Kevin S. Van Horn kvanhorn at ksvanhorn.com
Thu Apr 10 20:24:14 PDT 2003


James A. Donald wrote:

>Read fisk's account: http://tinyurl.com/995f
>
>>Disagreeing with a reporter's political views does not mean 
>>that all their claims of fact are wrong and maliciously so.
>>    
>>
>
>Compare Fisk's account, with more mainstream accounts of the 
>same events: http://tinyurl.com/9966
>

You didn't read the "mainstream" account, nor Fisk's account, carefully 
enough.  Fisk's account was posted at 8:00 a.m. (Iraqi time) on April 4, 
corresponding to midnight, April 4 in the Eastern time zone, where your 
"mainstream" U.S. news account (southern Florida Sun Sentinel) of the 
same day was published.

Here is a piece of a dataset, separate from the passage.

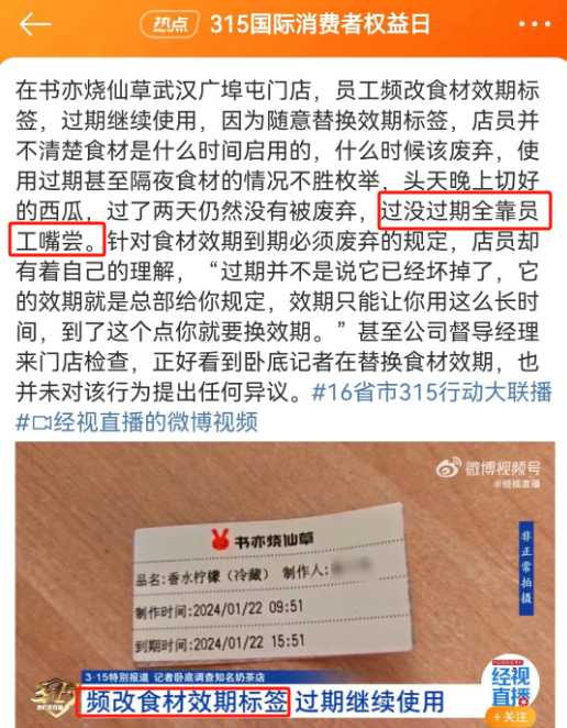 书亦烧仙草“草莓啵啵酸奶”涉嫌虚假宣传,600毫升饮品中仅含有70毫升的酸奶,不符合酸奶标准成分比例,被整顿改名“草莓酸奶水果茶”;更离谱的是,书亦被曝用嘴判断食材过没过期。

Fisk's account was clearly written many hours 
earlier than the Sun Sentinel report, which states,

"During the day, the ministry [of information] organized a trip to the 
airport for reporters in the capital, and they filmed the empty runways 
and terminals. Yet within hours, artillery and rocket fire erupted in 
the region and military officials said an assault on Saddam 
International Airport had begun."

The "empty runways and terminals" is consistent with Fisk's report, 
which appears to have been filed before the actual capture of the 
airport took place.

Fisks's report says,

"Only three hours earlier, the BBC had reported claims that forward 
units of an American mechanised infantry division were less than 16km 
west of Baghdad -- and that some US troops had taken up positions on the 
very edge of the international airport.

"But I was 27km west of the city."

That is to say, the mechanized infantry division was 11km to the east of 
the airport at the time of the BBC report, but that report had been 
written so as to give the impression that US troops were already 
attacking the airport.  Even if we discount Fisk's report and only rely 
on the Sun-Sentinel report, we have to conclude that "some US troops" 
must have, in reality, been only a very small number of hidden scouts -- 
not an assault force.

In other words, just as with Umm Qasr, the initial "mainstream" media 
(BBC) reports gave the impression that the coalition's attack had 
progressed farther than it actually had. (Umm Qasr was reported under 
control of coalition forces many days before this was fully achieved.)